На следующий день я нашел Марту в постели, как обычно. Я захотел лечь рядом, но она нежно меня оттолкнула. «Я чувствую себя не очень хорошо, — сказала она. — Уходи, не надо здесь оставаться, а то еще заразишься от меня». Она кашляла, ее лихорадило. Она сказала мне, улыбаясь, чтобы это не выглядело упреком, что простудилась, должно быть, вчера. Но, несмотря на свою растерянность, запретила мне сходить за доктором. «Все это пустяки, — говорила она, — мне только нужно побыть в тепле». На самом деле она не хотела посылать меня к доктору, чтобы не скомпрометировать себя в глазах старого друга семьи. Мне так хотелось избавиться от беспокойства, что Мартин отказ тут же меня успокоил. Но тревоги возобновились, и с гораздо большей силой, как только я собрался уходить к своим родителям. Марта спросила меня, не смогу ли я сделать крюк и отнести записку врачу.
На следующий день, придя к Марте, я столкнулся с ним на лестнице. Я не осмелился расспрашивать его и только смотрел с мучительным беспокойством. Но его степенный вид меня успокоил, хотя с его стороны это была всего лишь профессиональная привычка.
Я вошел к Марте. Но где же она? Спальня была пуста. Марта плакала, спрятавшись с головой под одеялом. Доктор приговорил ее не покидать постель вплоть до родов. Больше того, ее состояние требовало постоянного ухода, поэтому ей было необходимо перебраться к своим родителям. Нас разлучали.
Мы не приемлем несчастья. Одно лишь счастье кажется нам должным. Безропотно принимая эту разлуку, я не проявлял особого мужества. Я попросту еще не понимал. Я в отупении выслушал предписание врача, словно осужденный — свой приговор. Если он при этом ничуть не побледнел, все говорят: «Какое мужество!» Вовсе нет, это всего лишь недостаток воображения. Вот когда его разбудят поутру на казнь, вот тогда он поймет свой приговор. Так и я — до меня дошло, что мы больше не увидимся, только когда к Марте пришли сообщить, что экипаж, присланный доктором, уже прибыл. Он пообещал ей не предупреждать заранее никого из домашних. Марта хотела приехать домой нежданно.

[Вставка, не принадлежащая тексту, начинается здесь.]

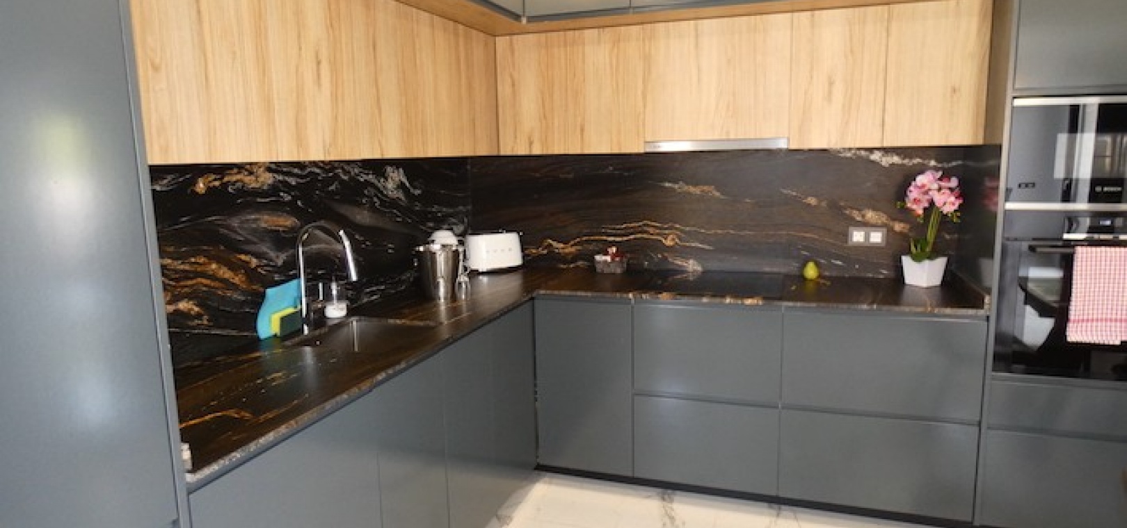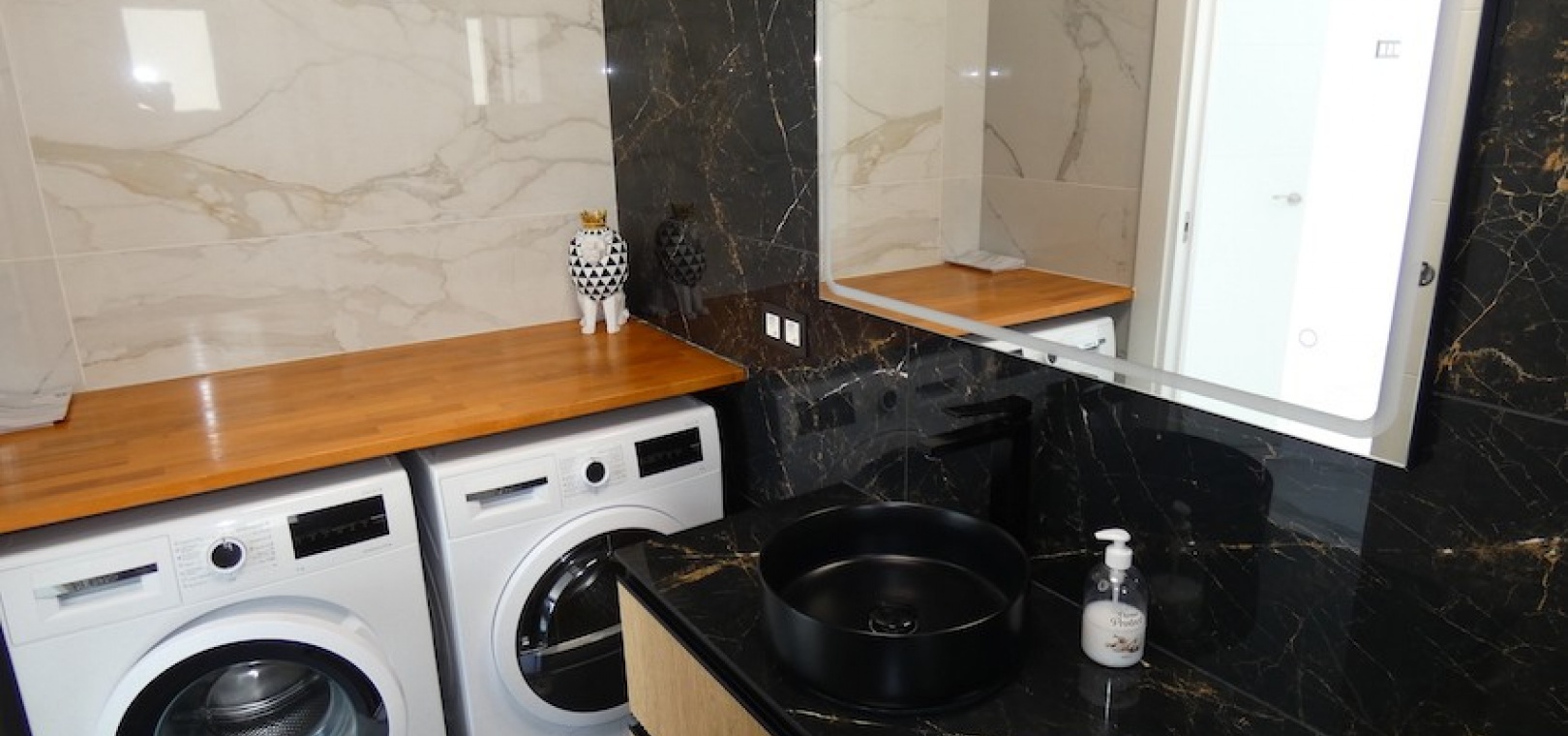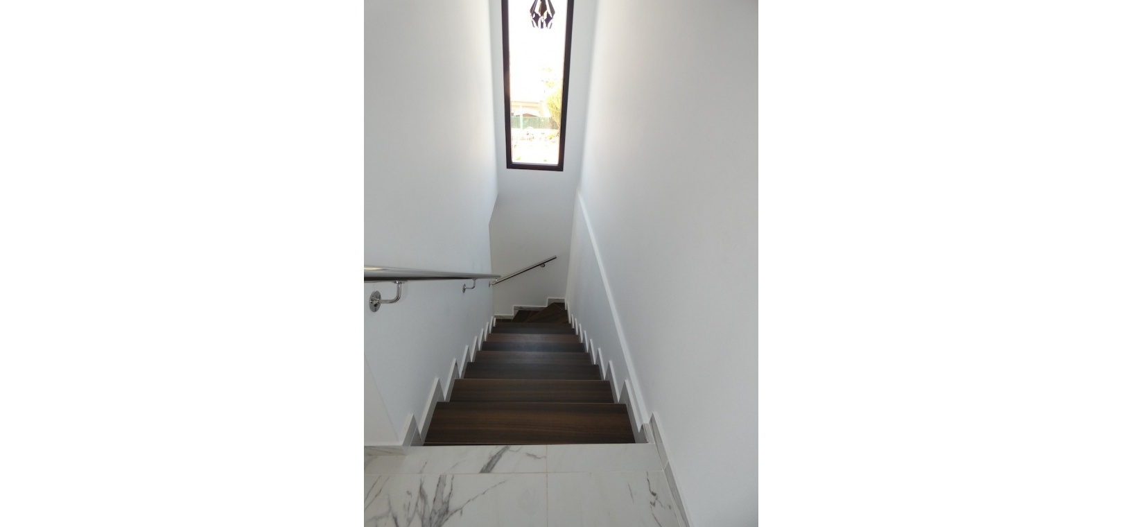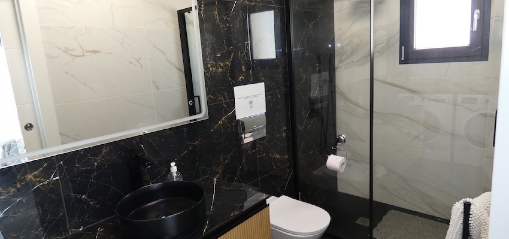 Sitting on a large plot of 510m2, the villa, which is spread over two floors has a good sized front terrace which leads into the property. On the ground floor is the living area, american style open plan kitchen and dining area, two bedrooms and two bathrooms (one of which is en-suite. Upstairs, there are a further two bedrooms and a family bathroom. Both bedrooms have access to another large terrace, which overlooks the swimming pool. There is air-conditioning in all the rooms and has been finished to an extremely high standard throughout.

Я велел кучеру остановиться на некотором отдалении от дома Гранжье. Когда он обернулся в третий раз, мы сошли. Ему показалось, что он поймал нас уже на третьем поцелуе, но он ошибался — это был все тот же. Мы расставались, даже не обговорив толком, как будем сообщаться, и почти не прощаясь, словно нам предстояло увидеться снова через какой-нибудь час. В окнах напротив уже появлялись любопытные соседки.